> The problem
Take the data below and copy exactly the lines starting at the one with "软包四周点缀有手工敲打的古咖" and finishing at the one with "The space is", both included.

[Data entries]
========

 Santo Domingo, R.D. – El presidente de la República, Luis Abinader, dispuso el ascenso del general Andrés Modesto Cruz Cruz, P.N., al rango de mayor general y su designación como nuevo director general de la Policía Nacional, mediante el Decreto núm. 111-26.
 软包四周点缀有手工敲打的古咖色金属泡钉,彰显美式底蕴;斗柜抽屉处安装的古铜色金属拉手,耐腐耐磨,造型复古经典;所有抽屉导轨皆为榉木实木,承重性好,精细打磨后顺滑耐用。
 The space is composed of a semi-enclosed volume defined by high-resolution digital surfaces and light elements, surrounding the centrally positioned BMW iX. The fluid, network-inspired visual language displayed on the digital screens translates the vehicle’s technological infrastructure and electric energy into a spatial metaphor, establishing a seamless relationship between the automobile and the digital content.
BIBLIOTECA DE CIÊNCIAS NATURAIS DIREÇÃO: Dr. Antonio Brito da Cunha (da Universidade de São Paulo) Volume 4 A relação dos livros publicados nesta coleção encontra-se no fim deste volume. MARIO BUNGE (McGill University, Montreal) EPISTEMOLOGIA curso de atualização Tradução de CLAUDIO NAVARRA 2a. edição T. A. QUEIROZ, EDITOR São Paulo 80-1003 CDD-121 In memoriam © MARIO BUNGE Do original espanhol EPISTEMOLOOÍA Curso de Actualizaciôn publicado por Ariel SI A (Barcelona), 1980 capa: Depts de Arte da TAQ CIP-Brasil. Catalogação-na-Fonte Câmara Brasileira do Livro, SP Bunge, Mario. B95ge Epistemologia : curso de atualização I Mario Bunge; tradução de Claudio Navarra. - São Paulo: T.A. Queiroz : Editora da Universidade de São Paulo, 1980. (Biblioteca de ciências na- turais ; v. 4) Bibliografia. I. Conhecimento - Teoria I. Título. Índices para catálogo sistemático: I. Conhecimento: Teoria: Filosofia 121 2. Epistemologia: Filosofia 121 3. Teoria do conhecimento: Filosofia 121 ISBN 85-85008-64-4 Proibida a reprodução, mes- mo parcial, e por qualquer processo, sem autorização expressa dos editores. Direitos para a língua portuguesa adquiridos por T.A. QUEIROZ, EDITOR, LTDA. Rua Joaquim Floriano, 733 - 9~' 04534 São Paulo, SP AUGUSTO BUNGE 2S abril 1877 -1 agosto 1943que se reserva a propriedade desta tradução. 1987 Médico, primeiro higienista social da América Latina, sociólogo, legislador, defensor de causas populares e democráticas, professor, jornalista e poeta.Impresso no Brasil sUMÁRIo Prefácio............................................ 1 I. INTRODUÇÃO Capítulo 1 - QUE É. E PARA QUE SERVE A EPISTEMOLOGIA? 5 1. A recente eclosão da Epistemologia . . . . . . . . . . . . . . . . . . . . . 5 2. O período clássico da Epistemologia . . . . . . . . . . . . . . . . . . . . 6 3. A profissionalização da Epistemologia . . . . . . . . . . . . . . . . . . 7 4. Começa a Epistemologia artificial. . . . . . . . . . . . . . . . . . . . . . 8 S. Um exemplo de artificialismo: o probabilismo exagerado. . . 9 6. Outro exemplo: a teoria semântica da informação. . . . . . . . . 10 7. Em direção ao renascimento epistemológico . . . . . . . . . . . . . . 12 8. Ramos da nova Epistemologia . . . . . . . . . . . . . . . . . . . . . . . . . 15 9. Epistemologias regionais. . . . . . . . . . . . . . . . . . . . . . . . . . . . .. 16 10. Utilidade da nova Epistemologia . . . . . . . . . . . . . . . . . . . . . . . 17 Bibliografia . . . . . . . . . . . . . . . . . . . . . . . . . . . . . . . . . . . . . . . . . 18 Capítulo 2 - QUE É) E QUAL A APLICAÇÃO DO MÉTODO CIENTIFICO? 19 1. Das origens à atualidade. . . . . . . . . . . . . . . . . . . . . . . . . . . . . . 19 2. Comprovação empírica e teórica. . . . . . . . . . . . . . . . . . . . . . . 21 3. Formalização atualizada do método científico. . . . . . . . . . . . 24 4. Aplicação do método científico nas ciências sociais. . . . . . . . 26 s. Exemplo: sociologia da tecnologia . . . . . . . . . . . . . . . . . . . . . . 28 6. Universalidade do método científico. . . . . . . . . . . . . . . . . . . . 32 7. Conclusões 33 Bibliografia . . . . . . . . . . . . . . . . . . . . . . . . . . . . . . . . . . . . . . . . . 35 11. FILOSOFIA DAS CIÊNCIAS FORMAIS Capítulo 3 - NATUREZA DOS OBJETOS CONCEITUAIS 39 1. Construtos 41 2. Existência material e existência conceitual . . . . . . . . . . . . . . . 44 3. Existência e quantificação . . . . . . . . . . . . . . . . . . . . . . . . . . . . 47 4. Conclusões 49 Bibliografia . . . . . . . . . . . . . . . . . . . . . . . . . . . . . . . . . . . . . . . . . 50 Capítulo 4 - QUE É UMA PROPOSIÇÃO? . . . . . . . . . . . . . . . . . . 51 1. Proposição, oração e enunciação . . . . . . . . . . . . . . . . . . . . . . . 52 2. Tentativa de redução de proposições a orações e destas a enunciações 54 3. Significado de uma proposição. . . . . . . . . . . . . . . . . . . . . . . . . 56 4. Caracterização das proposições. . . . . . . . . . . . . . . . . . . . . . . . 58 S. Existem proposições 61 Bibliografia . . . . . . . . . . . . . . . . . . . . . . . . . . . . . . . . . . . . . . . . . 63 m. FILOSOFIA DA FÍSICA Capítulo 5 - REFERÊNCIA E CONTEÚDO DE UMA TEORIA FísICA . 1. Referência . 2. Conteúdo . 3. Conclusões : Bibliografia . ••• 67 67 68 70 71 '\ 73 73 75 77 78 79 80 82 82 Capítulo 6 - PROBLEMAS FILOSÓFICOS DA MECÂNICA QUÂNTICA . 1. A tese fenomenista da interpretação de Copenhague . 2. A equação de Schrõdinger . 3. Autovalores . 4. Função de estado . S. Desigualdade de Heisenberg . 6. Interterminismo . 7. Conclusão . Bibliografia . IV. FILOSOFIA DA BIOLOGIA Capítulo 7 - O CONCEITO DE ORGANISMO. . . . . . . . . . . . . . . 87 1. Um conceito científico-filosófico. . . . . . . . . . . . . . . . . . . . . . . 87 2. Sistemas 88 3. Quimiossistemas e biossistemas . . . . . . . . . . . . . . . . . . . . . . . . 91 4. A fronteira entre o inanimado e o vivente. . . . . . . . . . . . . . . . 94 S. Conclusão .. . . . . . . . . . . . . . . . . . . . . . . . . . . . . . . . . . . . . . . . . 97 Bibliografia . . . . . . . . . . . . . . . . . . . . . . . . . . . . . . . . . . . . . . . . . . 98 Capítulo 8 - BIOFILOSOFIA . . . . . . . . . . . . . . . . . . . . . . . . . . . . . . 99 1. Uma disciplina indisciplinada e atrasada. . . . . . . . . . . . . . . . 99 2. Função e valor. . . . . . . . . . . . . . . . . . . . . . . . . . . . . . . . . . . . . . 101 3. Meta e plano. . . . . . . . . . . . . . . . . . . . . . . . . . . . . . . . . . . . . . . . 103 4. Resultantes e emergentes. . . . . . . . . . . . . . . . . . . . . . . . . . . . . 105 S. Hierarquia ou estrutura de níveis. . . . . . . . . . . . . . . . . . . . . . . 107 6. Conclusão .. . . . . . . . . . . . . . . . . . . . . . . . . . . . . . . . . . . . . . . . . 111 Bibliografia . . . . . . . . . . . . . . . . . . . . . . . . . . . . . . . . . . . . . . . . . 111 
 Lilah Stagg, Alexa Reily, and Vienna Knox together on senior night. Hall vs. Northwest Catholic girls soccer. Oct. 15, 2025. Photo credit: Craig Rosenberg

========

> Response to the exercise
 软包四周点缀有手工敲打的古咖色金属泡钉,彰显美式底蕴;斗柜抽屉处安装的古铜色金属拉手,耐腐耐磨,造型复古经典;所有抽屉导轨皆为榉木实木,承重性好,精细打磨后顺滑耐用。
 The space is composed of a semi-enclosed volume defined by high-resolution digital surfaces and light elements, surrounding the centrally positioned BMW iX. The fluid, network-inspired visual language displayed on the digital screens translates the vehicle’s technological infrastructure and electric energy into a spatial metaphor, establishing a seamless relationship between the automobile and the digital content.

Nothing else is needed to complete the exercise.